START Supplied records

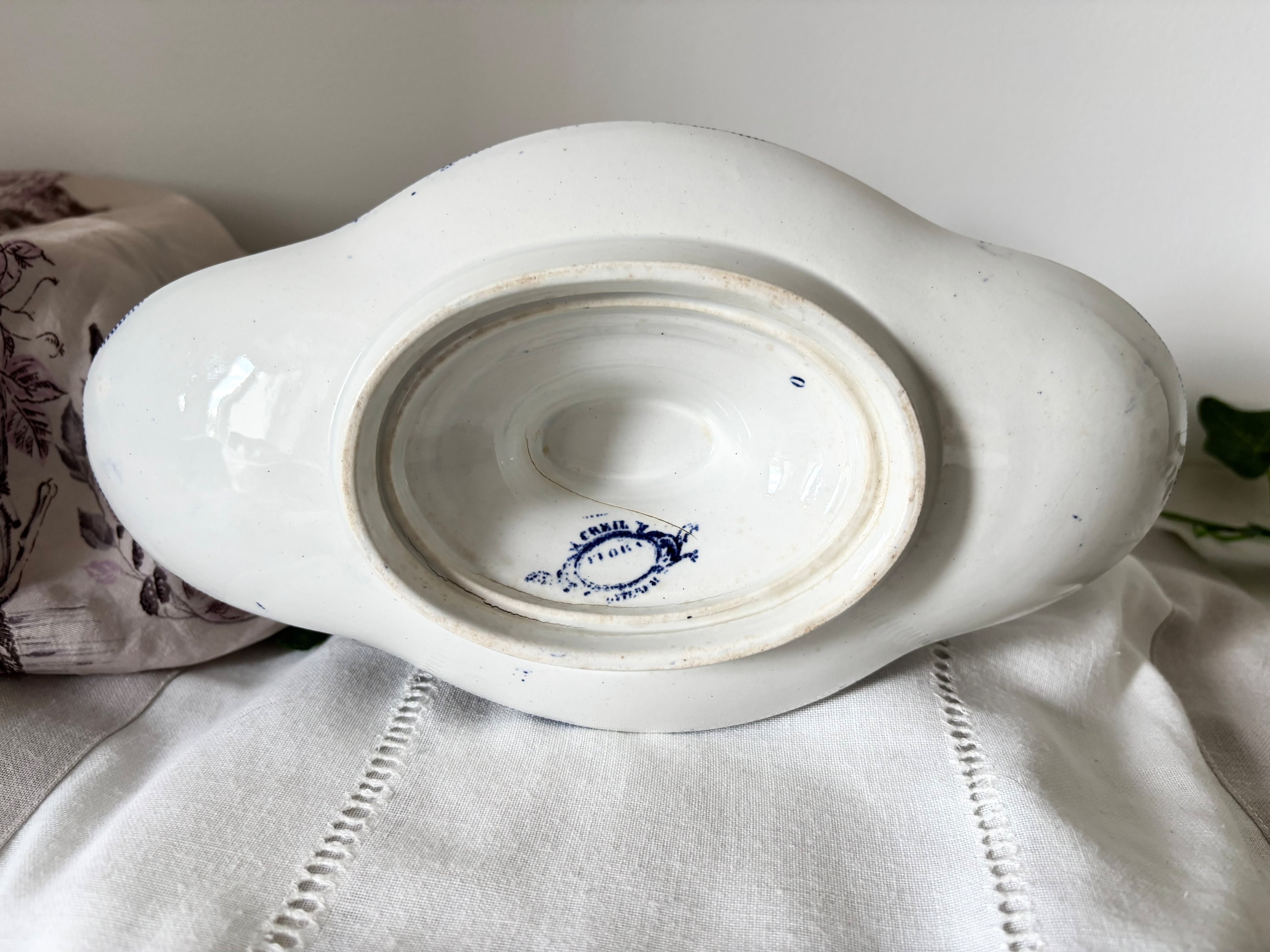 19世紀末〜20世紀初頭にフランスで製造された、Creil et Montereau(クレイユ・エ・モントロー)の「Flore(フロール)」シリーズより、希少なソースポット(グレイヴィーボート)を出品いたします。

END Supplied records
START Supplied records

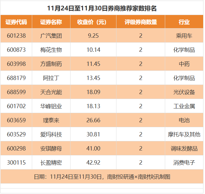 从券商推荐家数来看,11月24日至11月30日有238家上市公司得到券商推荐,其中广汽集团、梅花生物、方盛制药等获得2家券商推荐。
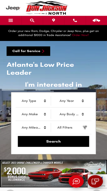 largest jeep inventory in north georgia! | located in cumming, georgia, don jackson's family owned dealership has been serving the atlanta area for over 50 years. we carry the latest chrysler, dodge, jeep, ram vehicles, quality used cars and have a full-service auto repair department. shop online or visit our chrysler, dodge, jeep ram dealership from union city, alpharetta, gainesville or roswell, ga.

END Supplied records
START Supplied records

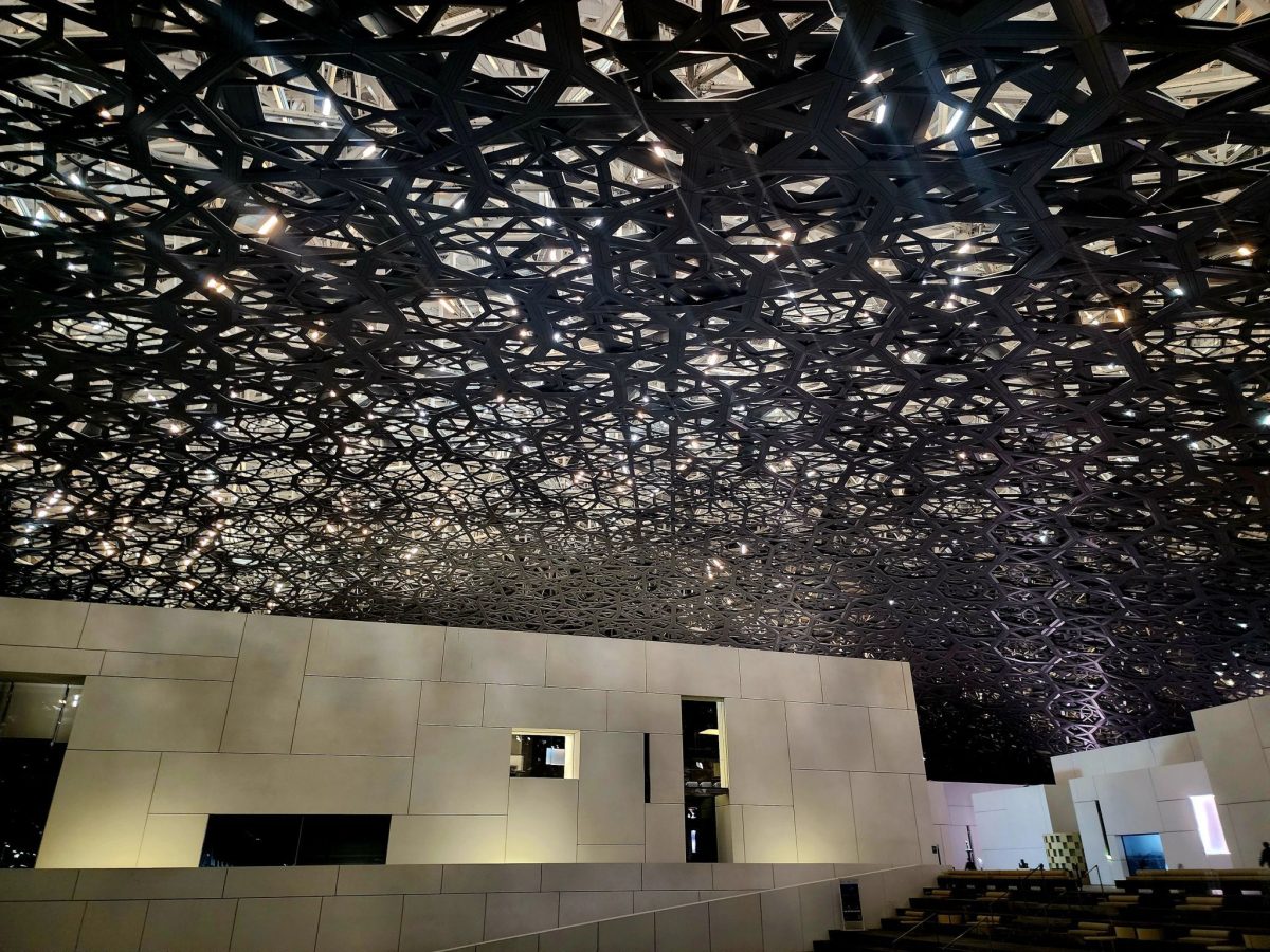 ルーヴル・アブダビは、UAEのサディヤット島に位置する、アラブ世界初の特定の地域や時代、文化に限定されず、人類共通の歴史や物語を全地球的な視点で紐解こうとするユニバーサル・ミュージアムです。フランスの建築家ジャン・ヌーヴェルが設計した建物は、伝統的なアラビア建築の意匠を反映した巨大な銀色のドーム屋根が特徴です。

END Supplied records

How to complete this task: Please output the lines above beginning at the line with "从券商推荐家数来看,11月2" and ending after the line with "largest jeep inventory", precisely as written and with no pictures.

Reply:
 从券商推荐家数来看,11月24日至11月30日有238家上市公司得到券商推荐,其中广汽集团、梅花生物、方盛制药等获得2家券商推荐。
 largest jeep inventory in north georgia! | located in cumming, georgia, don jackson's family owned dealership has been serving the atlanta area for over 50 years. we carry the latest chrysler, dodge, jeep, ram vehicles, quality used cars and have a full-service auto repair department. shop online or visit our chrysler, dodge, jeep ram dealership from union city, alpharetta, gainesville or roswell, ga.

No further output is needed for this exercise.